Finance staff said year‑to‑date revenue was about $451 million (unaudited) with a favorable variance of $4.6 million. Local sources were reported at $261.7 million (favorable $3.7 million), state revenue about $152 million (unfavorable $9.26 million versus budget), and federal revenue about $18.5 million (favorable $1.8 million). Staff cautioned all figures are unaudited and subject to audit adjustments.
On expenditures, staff reported total spending of about $452.2 million, approximately $8.5 million more than budgeted; personnel and purchased services drove major variances. Staff explained some large variances were timing or account‑coding offsets (for example, technology purchases budgeted in equipment vs. purchases coded to services), and that transportation billing timing created a late spike in pupil‑transportation costs.
Finance staff told the committee they had budgeted a larger EBF payment for the coming year based on prior trends, but an email from the state education funding support group indicated the district will be classified as a Tier 2 district rather than Tier 1 for EBF. Staff said that change will lower projected state receipts and that they will analyze possible expenditure adjustments over the next months to keep fund‑balance targets in range.
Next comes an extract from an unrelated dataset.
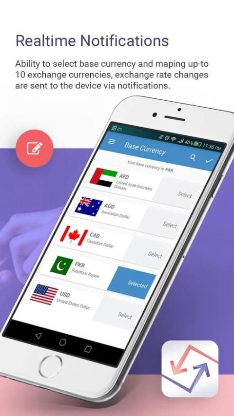 В режиме реального времени курсы валют и автономный режим экономии времени и затрат. Возможность выбора базовой валюты и картографирования вверх до 5 курсов валют, изменения обменного курса направляются на устройство с помощью уведомлений.

Staff reviewed fund‑balance strategy and said the district has been intentionally using reserves to bring employee pay toward targeted percentiles while keeping a planned variance target (1–2% of budget). The presentation included monthly financial packs, treasurer’s reports and details by fund; staff will return with recommendations if budget reductions are needed.
No formal budget revision was adopted at the meeting; the committee received the unaudited report and planned follow‑up analysis.